• Given data
= = =

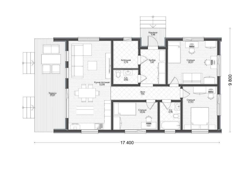 Представляем стильный одноэтажный дом с панорамными окнами, где граница между интерьером и природой становится почти незаметной. Просторная и функциональная планировка позволяет организовать пространство для жизни, работы и приёма гостей. Использование натуральных материалов подчёркивает экологичность и создаёт особую атмосферу уюта. Дом легко адаптируется к любому ландшафту. Он рассчитан на комфортное проживание в любое время года. Это ваш личный уголок для гармонии и вдохновения.
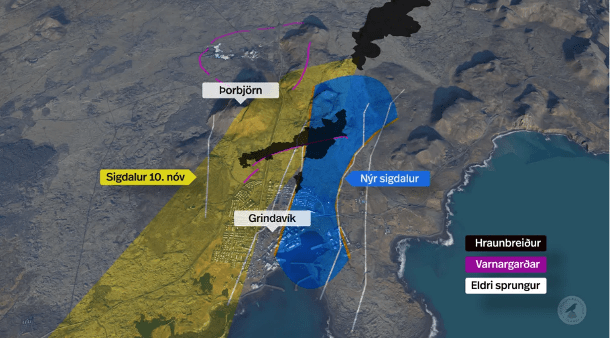 Procesiem turpinoties, 10. novembrī tektonisko plātņu kustības rezultātā tieši zem Grindavīkas izveidojās ap 15 km gara magmas daika – iežu vai magmas slānis, bieži vertikāls, kas iespiedies vecākos iežos, tos salaužot un aizpildot tajos esošās plaisas. Vulkāna izvirduma draudi bija teju pirkstiem sataustāmi, tāpēc pilsētu vēlā vakara stundā evakuēja.
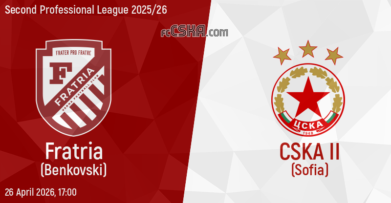 CSKA II will play with Fratria in match from 30th round of Second Professional League 2025/26 on 26 April 2026 at 17:00
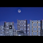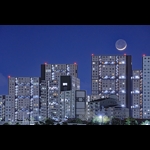 モダンなデザインの高層住宅と三日月のコラボです。
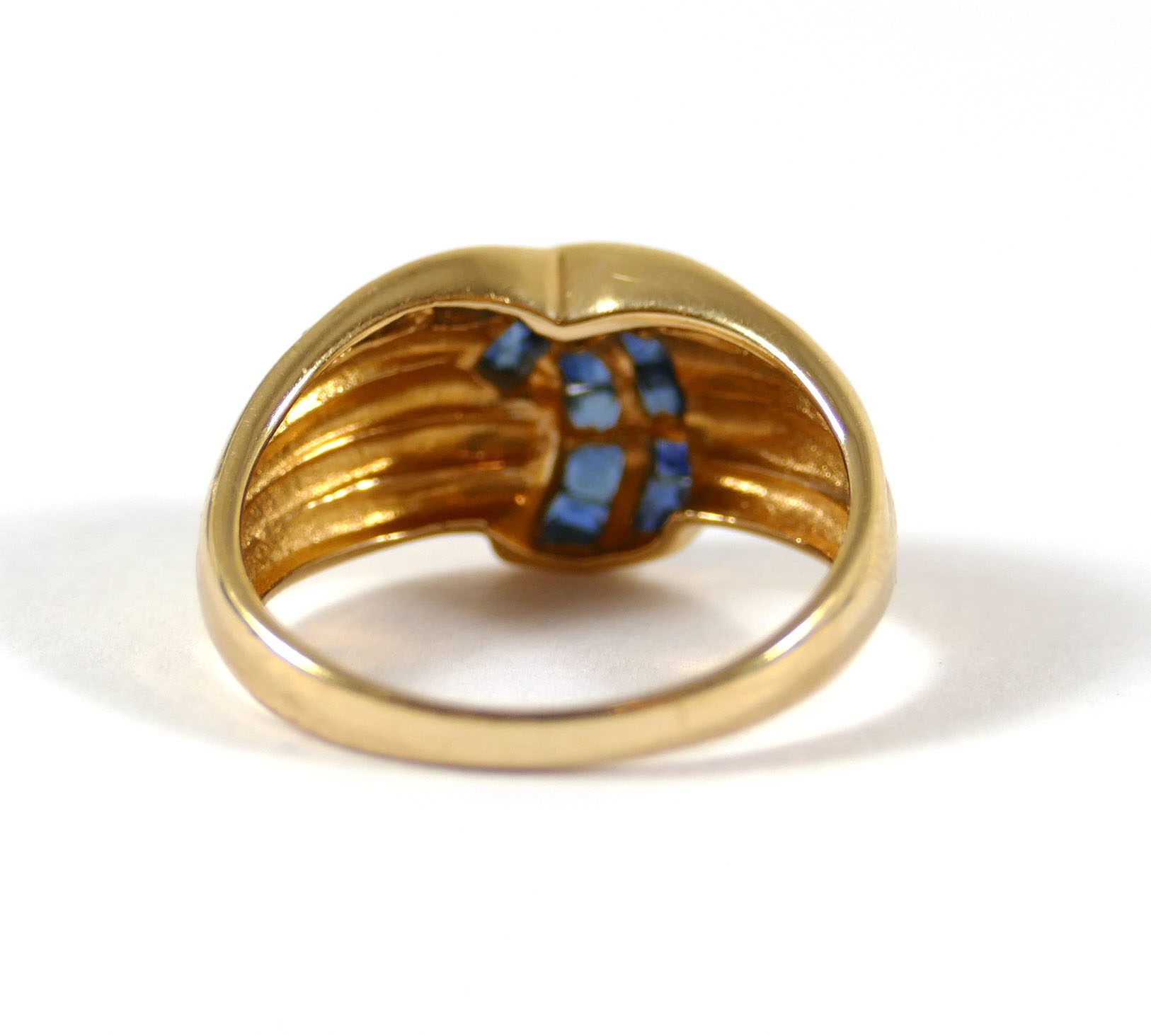 Product Description: This ring holds deep blue sapphires, cut into baguettes. They are set into the ring to make a unique shape, right as the center piece of the 14k yellow gold. The gold has horizontal ridges on the side...

= = =

• Instructions to follow
Write the records out exactly once more, leaving off the pictures.

• Result for this task
 Представляем стильный одноэтажный дом с панорамными окнами, где граница между интерьером и природой становится почти незаметной. Просторная и функциональная планировка позволяет организовать пространство для жизни, работы и приёма гостей. Использование натуральных материалов подчёркивает экологичность и создаёт особую атмосферу уюта. Дом легко адаптируется к любому ландшафту. Он рассчитан на комфортное проживание в любое время года. Это ваш личный уголок для гармонии и вдохновения.
 Procesiem turpinoties, 10. novembrī tektonisko plātņu kustības rezultātā tieši zem Grindavīkas izveidojās ap 15 km gara magmas daika – iežu vai magmas slānis, bieži vertikāls, kas iespiedies vecākos iežos, tos salaužot un aizpildot tajos esošās plaisas. Vulkāna izvirduma draudi bija teju pirkstiem sataustāmi, tāpēc pilsētu vēlā vakara stundā evakuēja.
 CSKA II will play with Fratria in match from 30th round of Second Professional League 2025/26 on 26 April 2026 at 17:00
 モダンなデザインの高層住宅と三日月のコラボです。
 Product Description: This ring holds deep blue sapphires, cut into baguettes. They are set into the ring to make a unique shape, right as the center piece of the 14k yellow gold. The gold has horizontal ridges on the side...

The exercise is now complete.